Time To Build An Ark
The other day, several more inches of rain were added to Los Angeles's amount of percipitation this year, bringing the total to 7,093,929 inches.* I don't know about you guys, but when a desert climate suffers from almost weekly torrential downpours, I start to get a little nervous.
My car hydroplaned all the way home from work, but I made it into the parking garage safely, only to find this waiting for me:
The entire garage was flooded. It's hard to tell in this picture, but there are actually several electric wires running from the ceiling into the puddle. Slightly easier to spot is an old man (by the dumpsters). He was very sad to see that, in order to get to the laundry machines, he would have to cross Lake Electrocution. This picture was taken, I believe, at the moment he realized that his laundry wasn't going to get done tonight. You can see almost see the resignation in his slumped shoulders.
The worst of the flooding was, of course, contained entirely within my parking spot:
The Red Arrow of Fate, Cruel Fate points to my submerged parking spot. All was not lost, however, as I was able construct a crude raft out of all the waste paper in my car that would get me from my car to the apartment entrance without getting my cute shoes wet. With the help of an Indian Guide (for price of 2 sets of clothing -- quite a deal!) I then caulked up my wagon and floated it across:
My party did eventually make it to Willammette Valley, but not before losing Mary Jane to dysentery and Tom to a snakebite. But it was all okay, because my occupation was farmer, so my points were tripled!

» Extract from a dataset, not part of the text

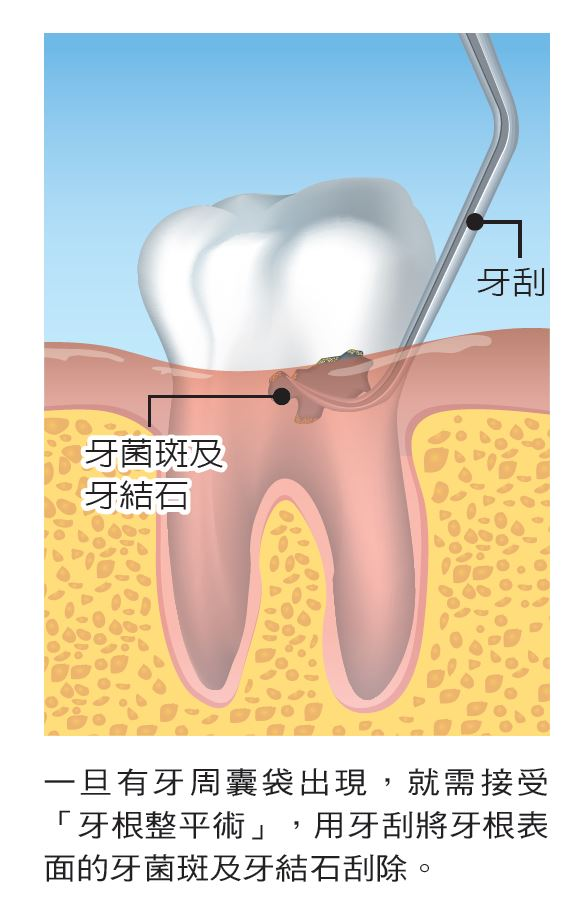 蘇文藝表示,健康正常的情況下,牙齦會緊貼著每顆牙齒,兩者之間會有 1 到 3 毫米的深度,但是包括牙齦炎在內的牙齦疾病,會加深這個空間、形成「牙周囊袋」,滋生更多的細菌,進而使得牙齦萎縮、牙齒鬆動,甚至脫牙等嚴重的後果,只有牙科的器械才有辦法深入囊袋清潔,甚至有時候洗牙還未必能清得乾淨,健保有一個項目叫「齒齦下刮除術(含牙根整平術)」 ,就是用更特別的器械除去牙周囊袋中的細菌、牙結石,由此可見,定期洗牙是最基本的清潔與保養,傳言說洗牙「刮傷保護層」為錯誤說法

Anyway, back at the apartment, I was shocked to find that, even though the place was in the middle of the movie that ruined Kevin Costner's career, management was spending its time and energy on other, seemingly less pressing, maintanance needs, such as:
Repainting the laundry room door for the fifth time in two weeks.
Placing redundant "caution: wet floor" signs in the courtyard and, as seen above, in the middle of the parking lot lake.
With all this rain, not to mention the upcoming anniversary of the death/resurrection of Someone Else's Lord Jesus Christ, I'm starting to reconsider my religious affiliations. Evil Roommate and I, a gay and a half-Jew respectively, figure we're as likely to be Chosen People as anyone else, have started building an ark in the living room. We figure our Ikea wood laminate furniture will be quite buoyant, and we don't think it'll be too hard to round up a pair of every animal on the planet once it's finished. After all, Evil Roommate works at a ranch, so he can easily get two horses. And I'm sure Pam and Stee will give up two of their cats once they see what a good cause this is. And Gwen has a dog. That's two and a half pairs right there without even trying!